* [Brief]
Starting with the first line below, extract each line through the one that contains "(male focus:1.8),absurdres,detailed and", inclusive, excluding pictures.

* [The data]
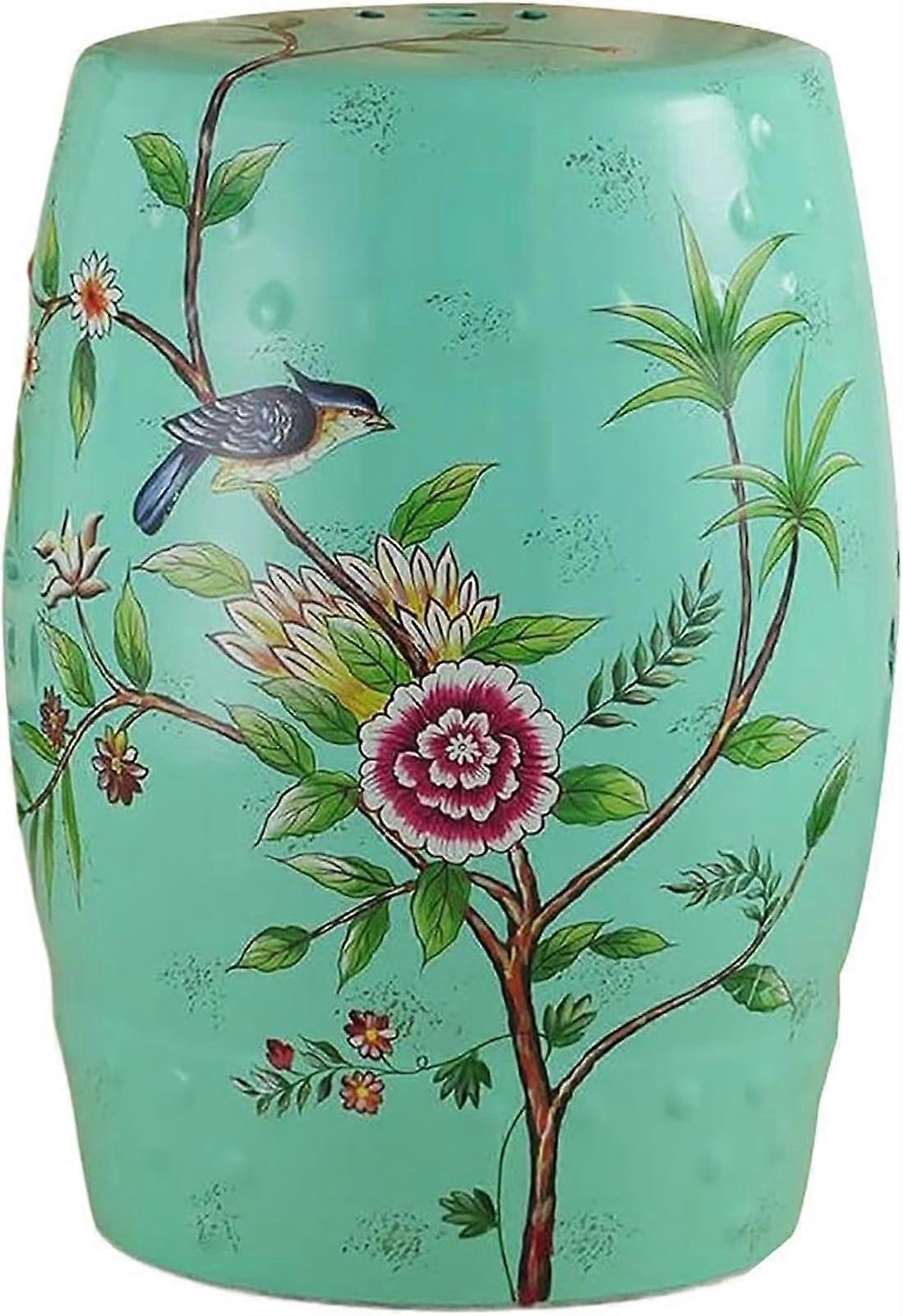 Floral Ceramic Garden Stool, Vintage Porcelain Ottoman Side Table, Indoor Outdoor Coffee Table, 45X28X33CM
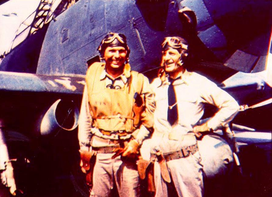 LCDR Waldron and Horace F. Dobbs, CRMP on the flight deck of the USS Hornet Photo courtesy Mark Horan
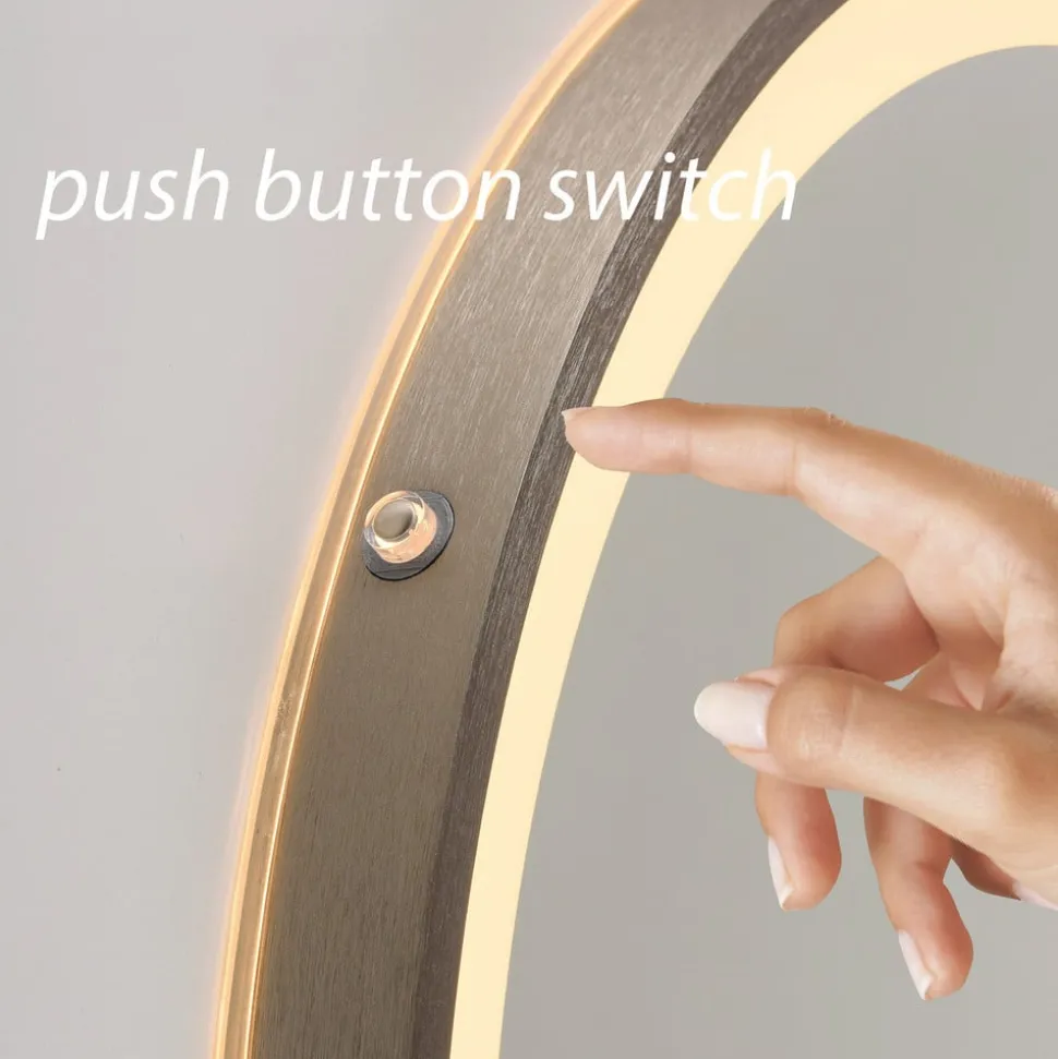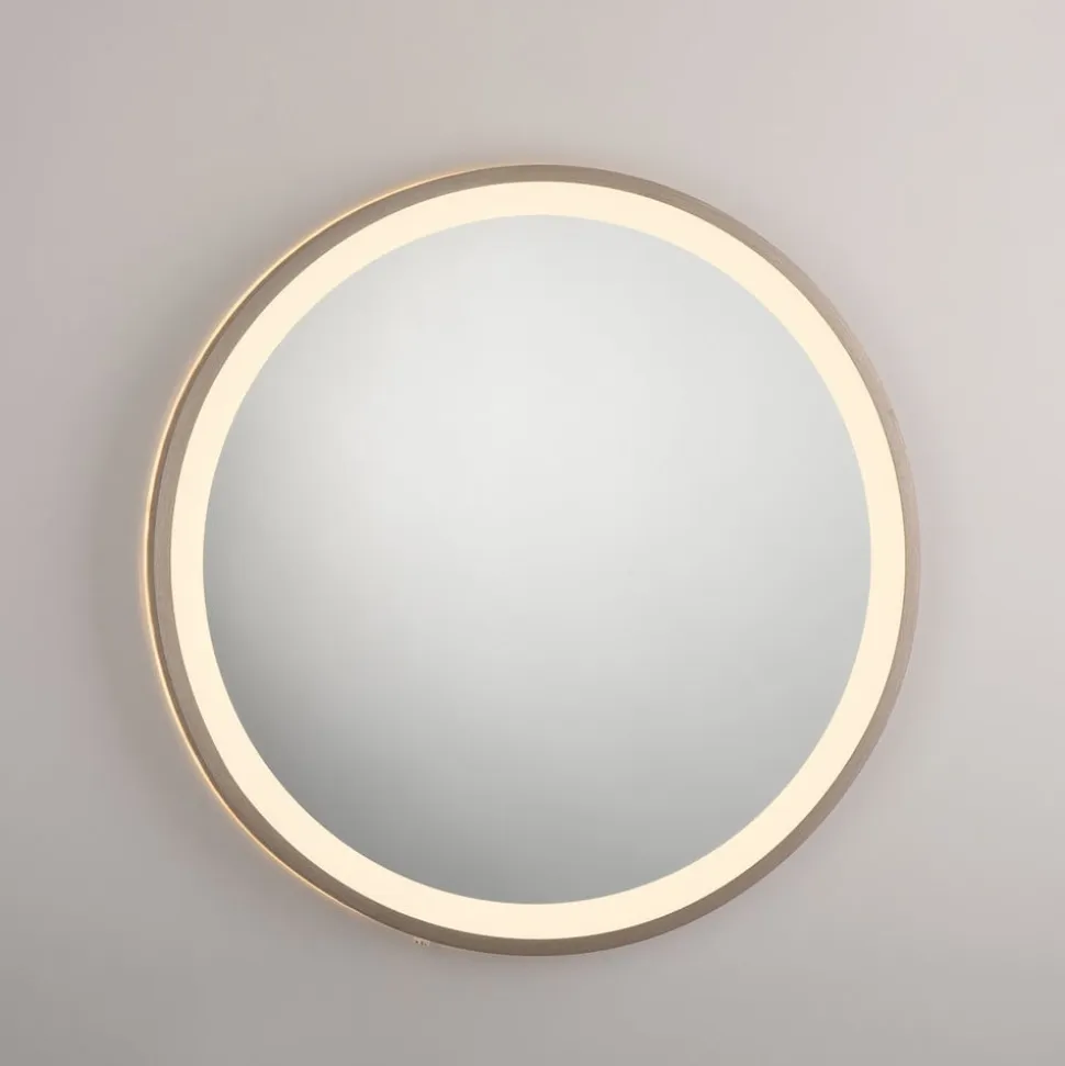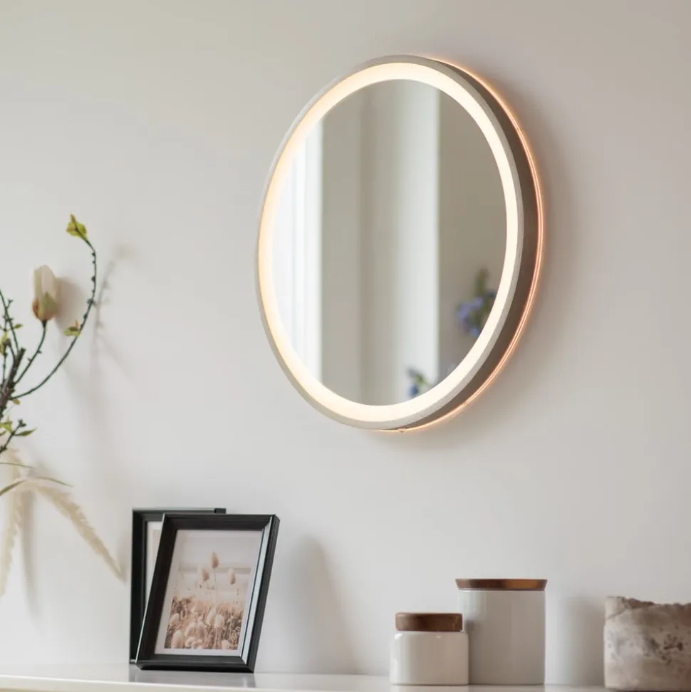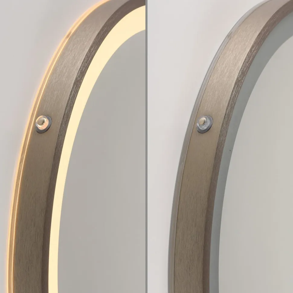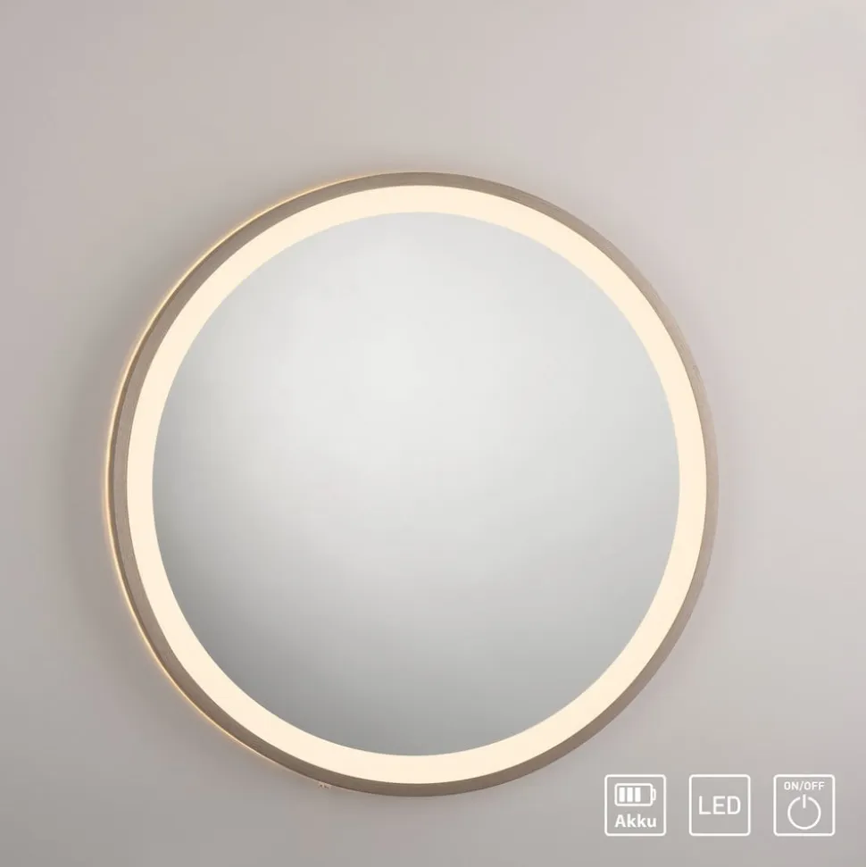 LED-vægspegel VIDRO, bronze, Ø 46 cm, powerbank, afbryder
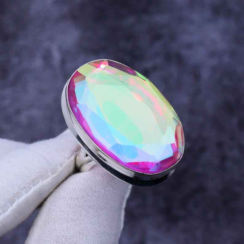 925 Sliver Made With Rainbow Mystic Topaz Ring
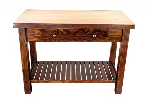 Bradley Ray River Island Unfinished 4244?Enjoy beauty and exquisite craftsmanship with the Unfinished Ray River Island. A A solid Oak butcher block top crowns a simply designed Pine body that features two towel racks, a large drawer, and a slatted shelf for extra storage. Locking casters available.
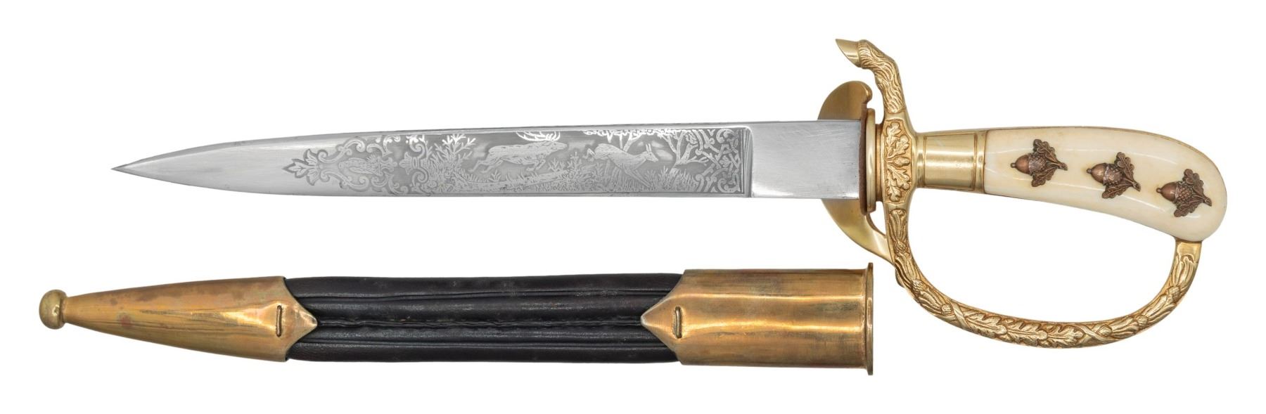 A nice etched Forestry Leader's dagger by Horster measuring 15 3/4" overall with a nicely etched 9 3/4" blade. Etching includes hunting scenes and game animals. The ricasso is marked " E. u. F. HORSTER (logo) SOLINGEN." and the pad is in place. Gilded hilt with an elk on the clam shell guard and a hoof quillon. Oak leaf decorated knuckle bow with a Party eagle on the ferrule. 2-piece off white grip with 3 acorns on each side. Gilded brass mounted leather scabbard with acorn frog stud. CONDITION: blade shows original factory polish. Hilt retains nearly all of its original gilding. Grip shows light wear. Scabbard shows light wear. (02-24918/BF). NON-GUN. $400-700.
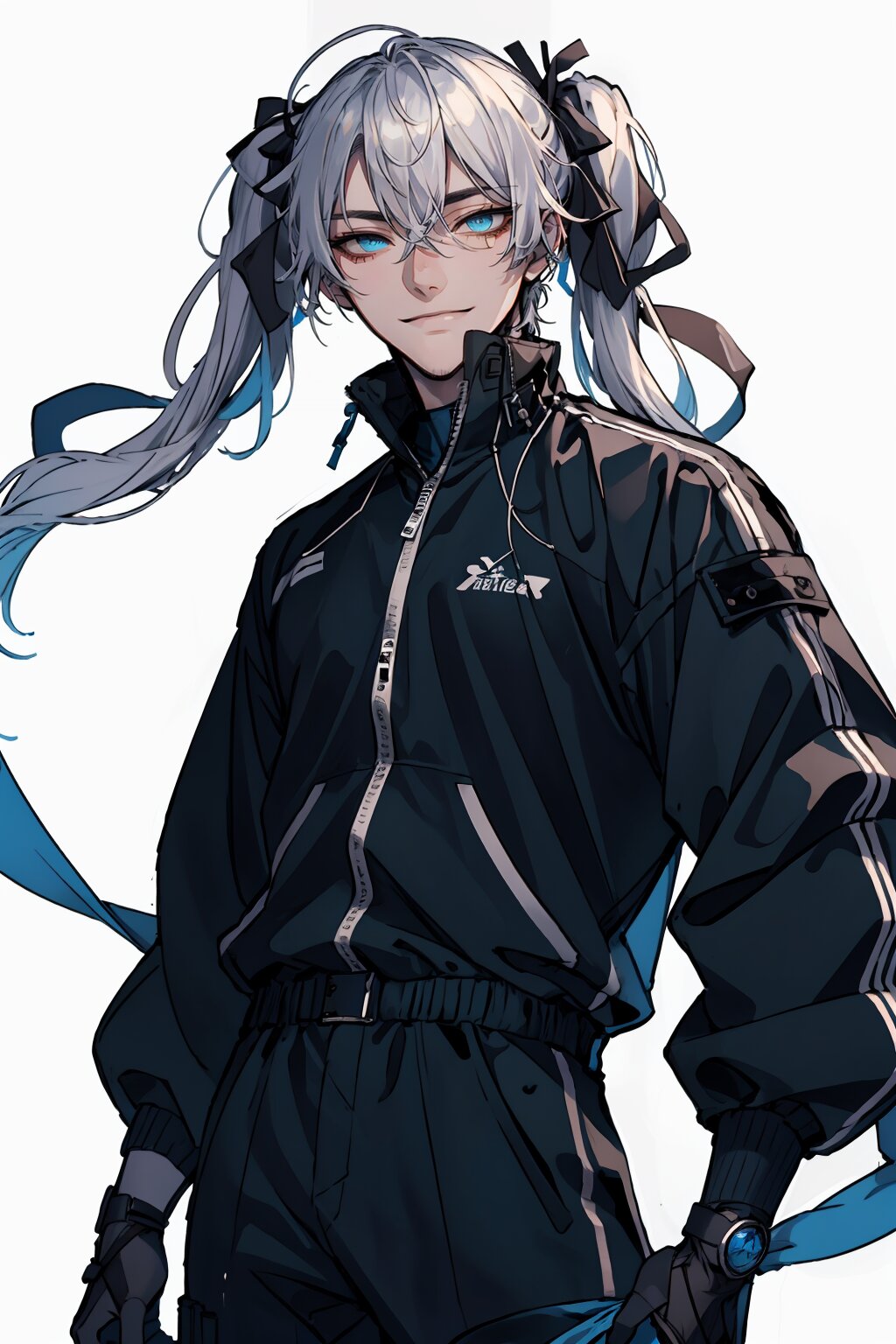 (male focus:1.8),absurdres,detailed and intricate, (best quality), BREAK,(cowboy shot:1.5),solo,(1 boy:1.5),(adult male:1.4),(smile),happy,super beautiful,beautifu eyes,vibrant eye,beautiful and delicate eyes, BREAK,sharp nose,facial muscle,long-shaped facel,male eyebrows, male eyes, eyes in highlight,delicate facial features,broad shoulders, BREAK,(white hair),inner blue colour hair,(long hair:1.5),(twintails:1.5), BREAK,(blue eyes), BREAK,tuxedo,(Techwear:1.2),long sleeve,Pants,(Punk fashion:1.3), BREAK,(dynamic Angle:1.2),shoot from below,cinematic angle,
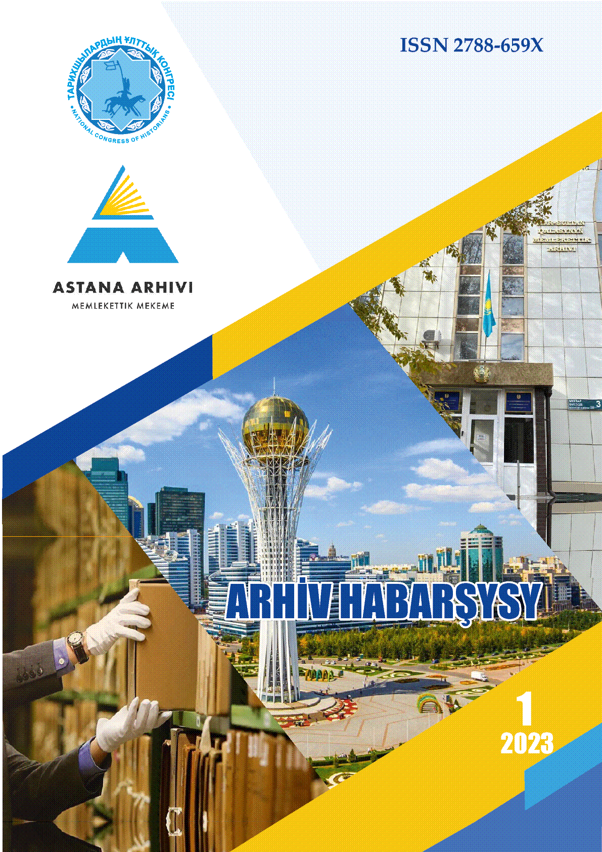 Архив хабаршысы [Мәтін] : ғылыми-көшілік, ақпараттық-әдістемелік журнал ; [бас ред. Б. Ж. Туребеков ; ред. кеңес төрағасы: Е. Б. Сыдықов ; ред. кеңес мүшелері: М. Қ. Қойгелдиев [ж. б.] ; "Астана қаласының мем. архиві" мем. мекемесі ; Қазақстан тарихшыларының Ұлттық конгресі]. – Астана : [б. ж.], 2023. - .– 1000 дана.– 2021 жылдан бастап тоқсан сайын шығады. – ISSN 2788-659X. №1, 2023. - 1000 дана
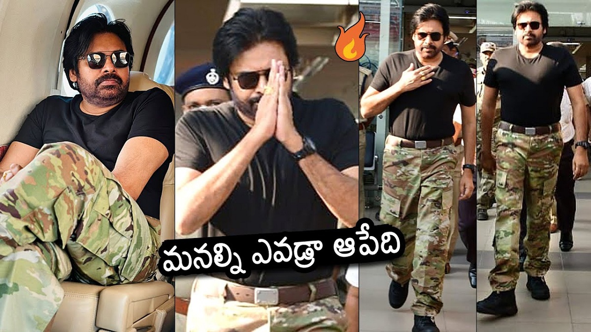 అయితే రాజకీయ పర్యటనలకి వెళ్ళినపుడు పవన్ కళ్యాణ్ కామన్ గా వైట్ అండ్ వైట్ లో ఎక్కువగా వెళ్తూ ఉంటారు. లేదంటే క్యాజువల్ డ్రెస్సింగ్ లో వెళ్తారు. అయితే ఈ సారి మాత్రం డిఫరెంట్ స్టైల్ లో బ్లాక్ కలర్ టీ షర్ట్, ఆర్మీ జవాన్లు వేసుకునే ఫ్యాంట్ ధరించి బ్లాక్ కళ్ళజోడు పెట్టుకొని పవర్ ఫుల్ లుక్ లో దర్శనం ఇచ్చాడు. ఈ లుక్స్ కి సంబందించిన ఫోటోలు, వీడియో ఇప్పుడు సోషల్ మీడియాలో వైరల్ అవుతుంది. పవన్ కళ్యాణ్ రేర్ గా ఇలాంటి కాస్ట్యూమ్స్ ధరిస్తూ ఉంటారు.

* [Exercise response]
 Floral Ceramic Garden Stool, Vintage Porcelain Ottoman Side Table, Indoor Outdoor Coffee Table, 45X28X33CM
 LCDR Waldron and Horace F. Dobbs, CRMP on the flight deck of the USS Hornet Photo courtesy Mark Horan
 LED-vægspegel VIDRO, bronze, Ø 46 cm, powerbank, afbryder
 925 Sliver Made With Rainbow Mystic Topaz Ring
 Bradley Ray River Island Unfinished 4244?Enjoy beauty and exquisite craftsmanship with the Unfinished Ray River Island. A A solid Oak butcher block top crowns a simply designed Pine body that features two towel racks, a large drawer, and a slatted shelf for extra storage. Locking casters available.
 A nice etched Forestry Leader's dagger by Horster measuring 15 3/4" overall with a nicely etched 9 3/4" blade. Etching includes hunting scenes and game animals. The ricasso is marked " E. u. F. HORSTER (logo) SOLINGEN." and the pad is in place. Gilded hilt with an elk on the clam shell guard and a hoof quillon. Oak leaf decorated knuckle bow with a Party eagle on the ferrule. 2-piece off white grip with 3 acorns on each side. Gilded brass mounted leather scabbard with acorn frog stud. CONDITION: blade shows original factory polish. Hilt retains nearly all of its original gilding. Grip shows light wear. Scabbard shows light wear. (02-24918/BF). NON-GUN. $400-700.
 (male focus:1.8),absurdres,detailed and intricate, (best quality), BREAK,(cowboy shot:1.5),solo,(1 boy:1.5),(adult male:1.4),(smile),happy,super beautiful,beautifu eyes,vibrant eye,beautiful and delicate eyes, BREAK,sharp nose,facial muscle,long-shaped facel,male eyebrows, male eyes, eyes in highlight,delicate facial features,broad shoulders, BREAK,(white hair),inner blue colour hair,(long hair:1.5),(twintails:1.5), BREAK,(blue eyes), BREAK,tuxedo,(Techwear:1.2),long sleeve,Pants,(Punk fashion:1.3), BREAK,(dynamic Angle:1.2),shoot from below,cinematic angle,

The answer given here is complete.